Un piccolo mollusco conosciuto come lo scricciolo di mare fa qualcosa di strano. Nuota all’inizio della sua vita, alla fine trova un posto dove attaccarsi come un cirripede, e poi assorbe il suo stesso cervello per nutrirsi. Perché? Perché non ha più bisogno del suo cervello. Ha trovato la sua casa permanente. Il cervello è ciò che gli ha permesso di identificare e decidere il suo posto dove ancorarsi, e ora che la missione è compiuta, la creatura ricostruisce i nutrienti del suo cervello in altri organi. La lezione dello scricciolo di mare è che il cervello serve per cercare e decidere. Non appena un animale si è stabilito in un posto, non ha più bisogno del suo cervello.

Anche il couch potato più impegnato tra noi non mangerebbe il proprio cervello, e questo perché gli esseri umani non hanno un punto di sosta. La nostra costante voglia di combattere la routine rende la creatività un mandato biologico. Ciò che cerchiamo nell’arte e nella tecnologia è la sorpresa, non semplicemente la soddisfazione delle aspettative. Di conseguenza, un’immaginazione selvaggia ha caratterizzato la storia della nostra specie: costruiamo habitat intricati, elaboriamo ricette per il nostro cibo, ci vestiamo con piumaggi sempre diversi, comunichiamo con cinguettii e ululati elaborati, e viaggiamo tra gli habitat su ali e ruote di nostra progettazione. Nessun aspetto della nostra vita non viene toccato dall’ingegnosità.

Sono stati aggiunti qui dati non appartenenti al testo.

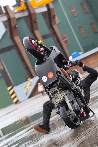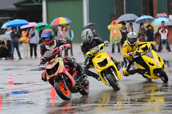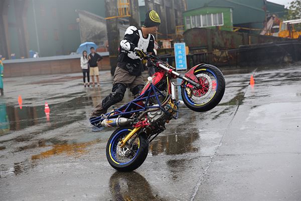 場外有帥氣的機車花式表演,即使下雨依然表現精彩

Grazie al nostro appetito di novità, l’innovazione è necessaria. Non è qualcosa che solo alcune persone fanno. La spinta innovativa vive in ogni cervello umano, e la conseguente guerra contro il ripetitivo è ciò che alimenta i colossali cambiamenti che distinguono una generazione dall’altra, un decennio dall’altro, un anno dall’altro. La spinta a creare il nuovo è parte della nostra costituzione biologica. Costruiamo culture a centinaia e nuove storie a milioni. Ci circondiamo di cose che non sono mai esistite prima, mentre maiali e lama e pesci rossi non lo fanno.

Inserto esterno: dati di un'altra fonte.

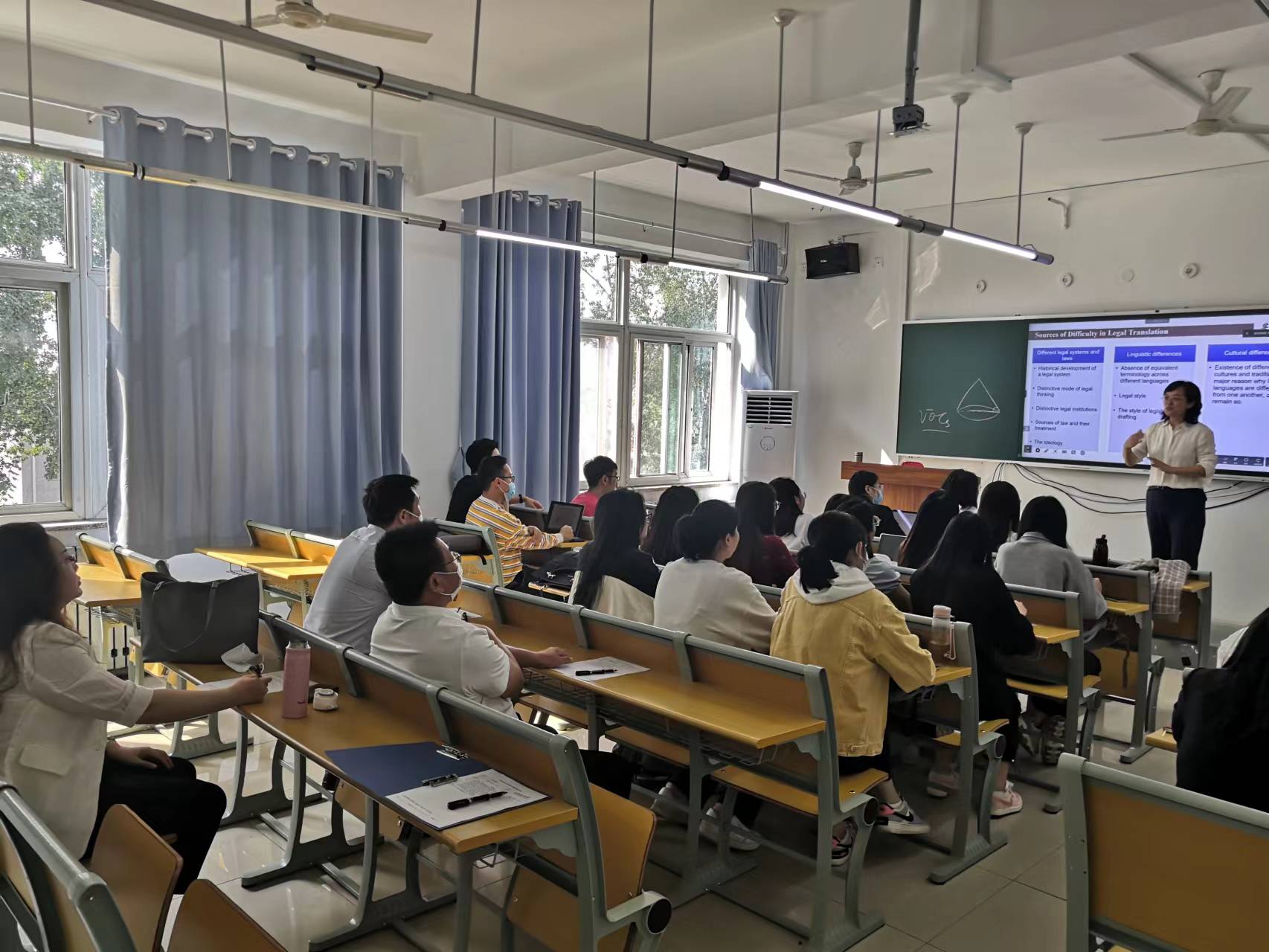 学院各位领导、老师首先到沙河院区励精楼405旁听了孙利老师的《能源电力法律翻译》课程。孙老师深入浅出、中西对比的授课,为学生理解中欧法律体系的不同,以及能源电力法律的特点,搭建了一个扎实的平台,也进一步提升了学生对于课程的兴趣。

Ma da dove vengono le nostre nuove idee?

In tutto lo spettro delle attività umane, l’arte precedente alimenta il processo creativo. Consideriamo la prima industria automobilistica. Prima del 1908, costruire una nuova auto era laborioso. Ogni veicolo era costruito su misura, con parti diverse assemblate in posti diversi e poi faticosamente riunite. Ma Henry Ford se ne uscì con un’innovazione fondamentale: snellì l’intero processo, mettendo la fabbricazione e l’assemblaggio sotto un unico tetto. Il legno, il minerale e il carbone venivano caricati da una parte della fabbrica e le Model T uscivano dall’altra. La sua catena di montaggio cambiò il modo in cui le auto venivano costruite: “Piuttosto che tenere il lavoro sui banchi di montaggio e spostare gli uomini davanti ad esso, la catena di montaggio teneva gli uomini fermi e spostava il lavoro”. Grazie a queste innovazioni, le auto uscirono dalla fabbrica ad un ritmo senza precedenti. Un’enorme nuova industria era nata.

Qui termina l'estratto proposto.